Question

The heat of combustion of methane is -880 kJ/mol. If 3.2g of methane is burnt----- of heat is evolved.
a.) 88 kJ
b.) 264 kJ
c.) 176 kJ
d.) 440 kJ

Answer 1

Hint: The heat released when a sample is combusted (heated in presence of air) in its standard state to form stable compounds in their standard states is called heat of combustion.
When we are going to do combustion of carbon in presence of oxygen then the product is carbon dioxide. \[C+{{O}_{2}}\to C{{O}_{2}}\]

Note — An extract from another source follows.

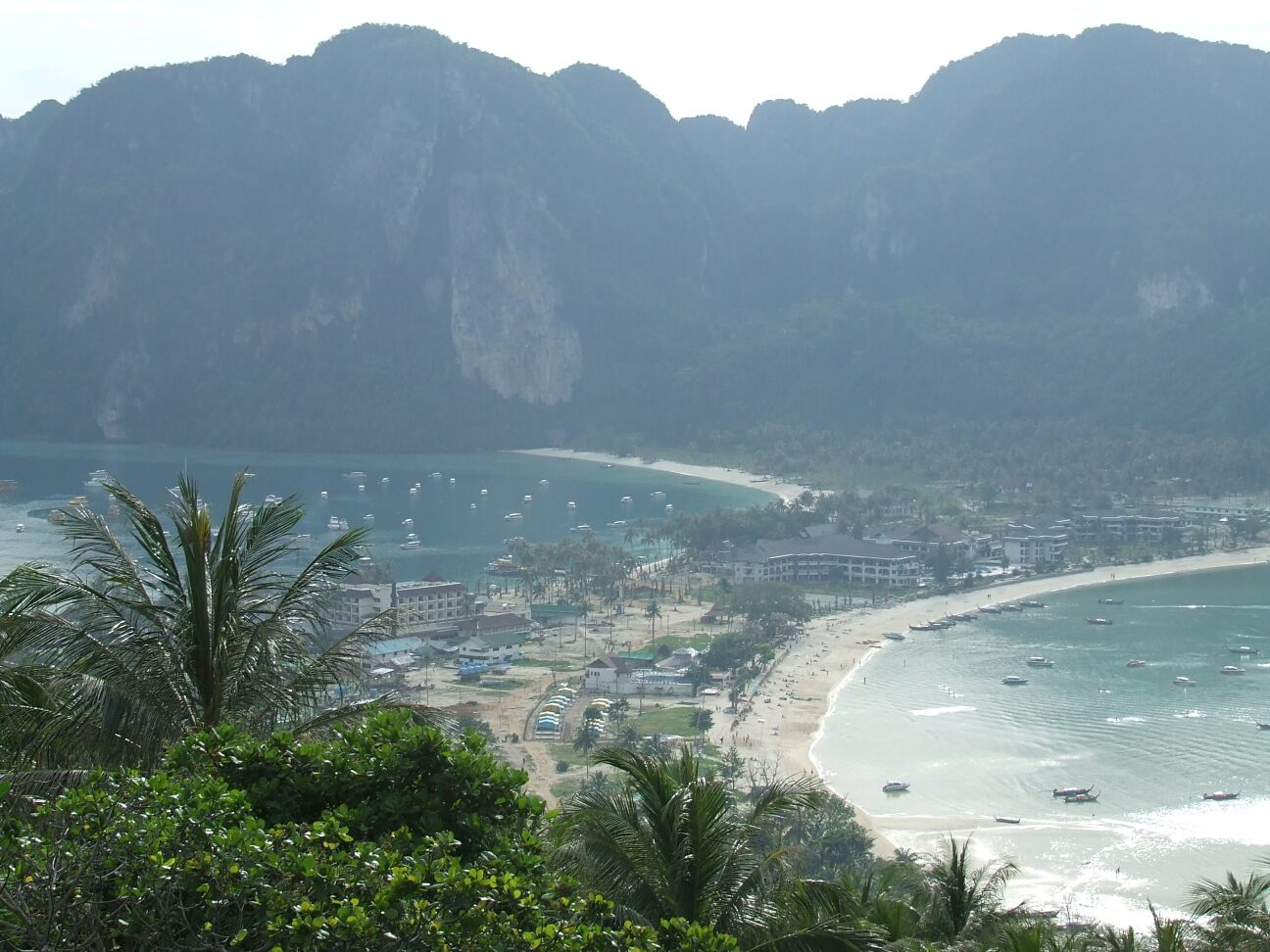 Isthmus of Koh Phi Phi, Thailand Photo taken 2006 by User:Neitram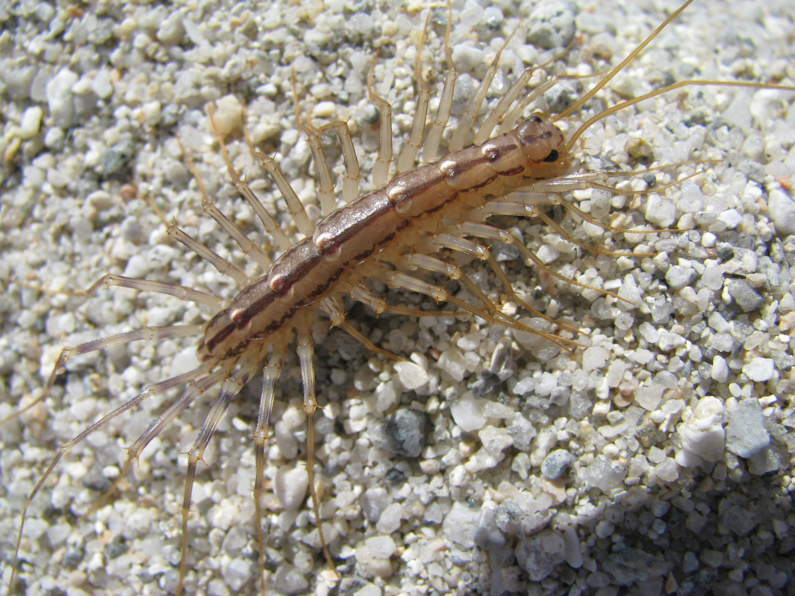 Scutigera coleoptrata from a Sardinian beach

Complete step by step answer:
In the question it is given that methane is heated at its combustion value. The chemical reaction of
combustion of methane is as follows.

\[C{{H}_{4}}+2{{O}_{2}}\to C{{O}_{2}}+2{{H}_{2}}O\]
Methane undergoes the combustion process and forms carbon dioxide and water as the products.
Means 16 g of methane undergoes combustion.
In the question it is given that the heat of combustion of methane is -880kJ.
We have to calculate the heat liberated when we burn 3.2 g of methane.
Number of moles of methane burnt = \[\dfrac{3.2}{16}=0.2\] (here molecular weight of methane =16).
Thus 0.2 mole of methane is going to be released when we burn 3.2 g of methane.
Enthalpy of combustion of 1 mole of methane = 880kJ/mol.
Enthalpy of combustion of 0.2 mole of methane = \[880\times 0.2=176kJ\]
Therefore 3.2g of methane is burnt, 176kJ of heat is evolved.
So, the correct answer is “Option C”.

Note: If we are going to heat any compound at higher temperature in the presence of oxygen then it is called combustion and if we are going to heat any compound at higher temperature in the absence of oxygen then it is called pyrolysis.